[Stored dataset items]
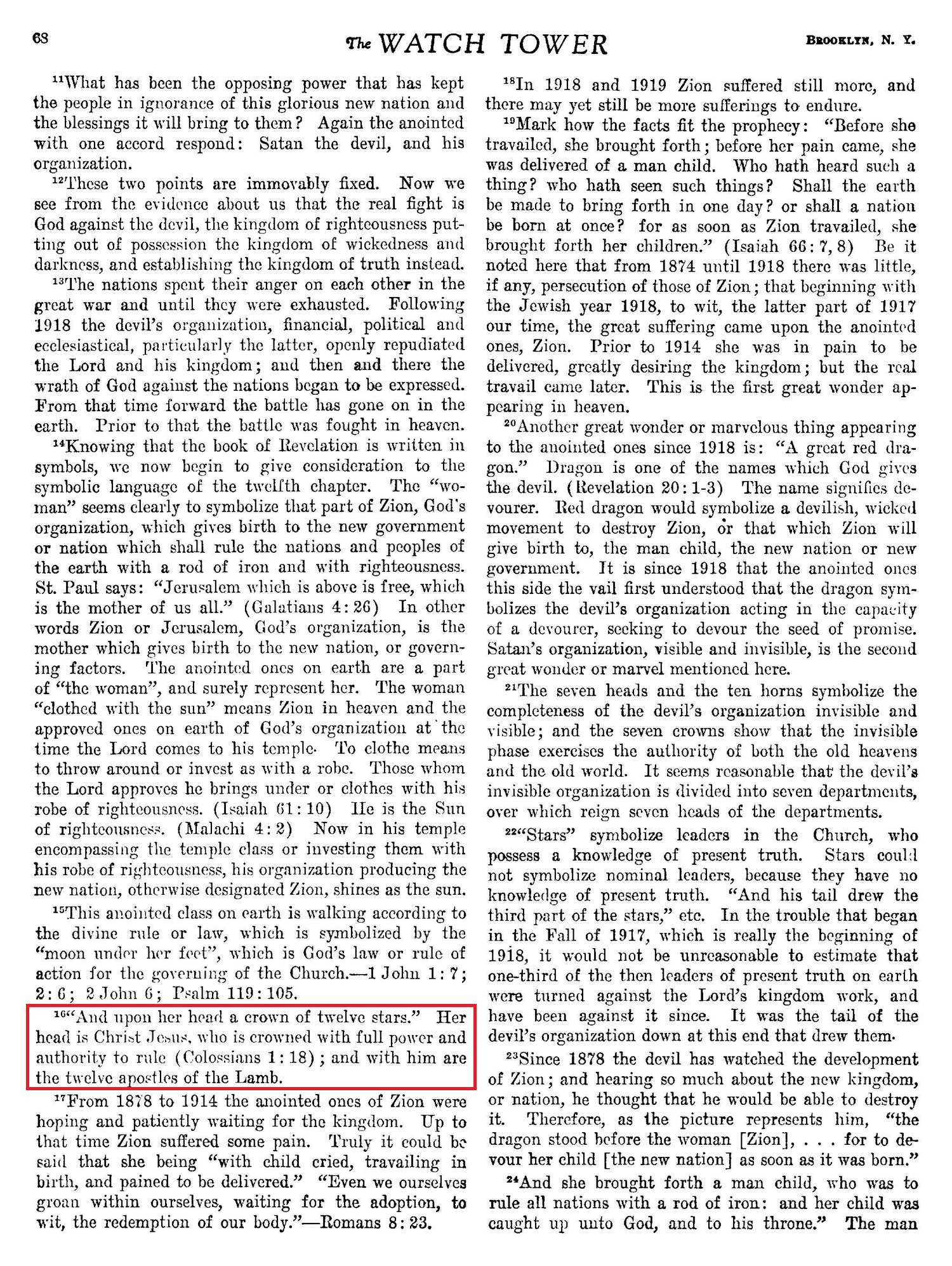 Source : 🇺🇸 The Watchtower, March 1, 1925, page 68 |
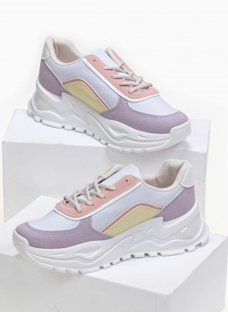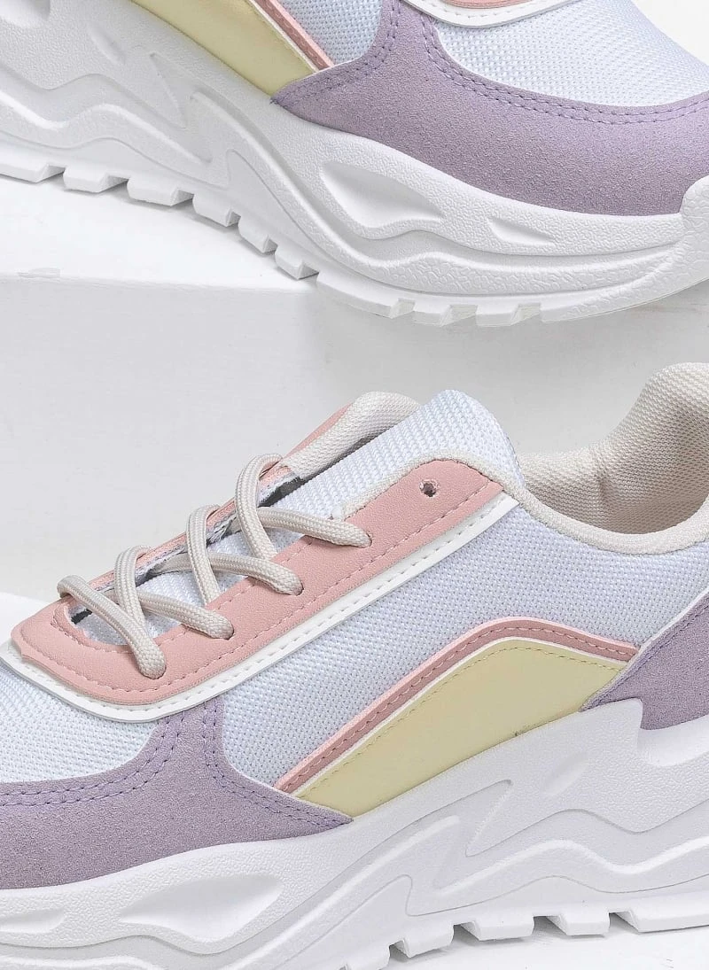 Sneakers chunky με ψηλή σόλα και ανάγλυφο σχέδιο. Συνδυάζουν ύφασμα και τεχνόδερμα.
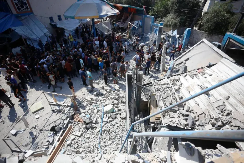 Warga Palestina memeriksa tenda dan tempat perlindungan darurat yang hancur setelah serangan ‘Israel’ menghantam sekolah UNRWA, menewaskan dan melukai banyak orang di Kamp Pengungsi Nuseirat di Deir al-Balah, Gaza, pada 14 Juli 2024. [Ashraf Amra – Anadolu Agency]
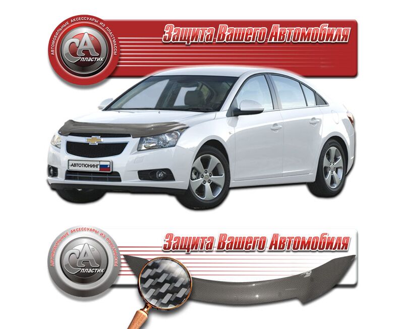 Дефлектор капота Chevrolet Cruze седан (Шелкография "карбон" серебро)
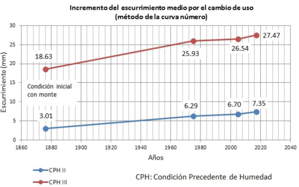 Para el año 2017, y con la misma intensidad de lluvia (75 mm/h), la escorrentía para CPH II fue de 7.35 mm y de 27.47 para CPH III. La diferencia entre estos valores extremos señala que la escorrentía se ha incrementado en 4.34 mm para CPH II y en 8.84 mm para CPH III durante el período 1876-2017, como consecuencia de la eliminación de 7092.28 ha de bosques nativos, de las cuales 6317.67 ha se desmontado durante el período 1876 - 1975 y las 774.61 ha durante el período de análisis, entre 1975- 2017 (Tabla 1).

◆ **EXERCISE DIRECTIONS**
Only the text of the entries above, transcribed exactly, should be given; leave out pictures.

◆ **WRITTEN ANSWER**
 Source : 🇺🇸 The Watchtower, March 1, 1925, page 68 |
 Sneakers chunky με ψηλή σόλα και ανάγλυφο σχέδιο. Συνδυάζουν ύφασμα και τεχνόδερμα.
 Warga Palestina memeriksa tenda dan tempat perlindungan darurat yang hancur setelah serangan ‘Israel’ menghantam sekolah UNRWA, menewaskan dan melukai banyak orang di Kamp Pengungsi Nuseirat di Deir al-Balah, Gaza, pada 14 Juli 2024. [Ashraf Amra – Anadolu Agency]
 Дефлектор капота Chevrolet Cruze седан (Шелкография "карбон" серебро)
 Para el año 2017, y con la misma intensidad de lluvia (75 mm/h), la escorrentía para CPH II fue de 7.35 mm y de 27.47 para CPH III. La diferencia entre estos valores extremos señala que la escorrentía se ha incrementado en 4.34 mm para CPH II y en 8.84 mm para CPH III durante el período 1876-2017, como consecuencia de la eliminación de 7092.28 ha de bosques nativos, de las cuales 6317.67 ha se desmontado durante el período 1876 - 1975 y las 774.61 ha durante el período de análisis, entre 1975- 2017 (Tabla 1).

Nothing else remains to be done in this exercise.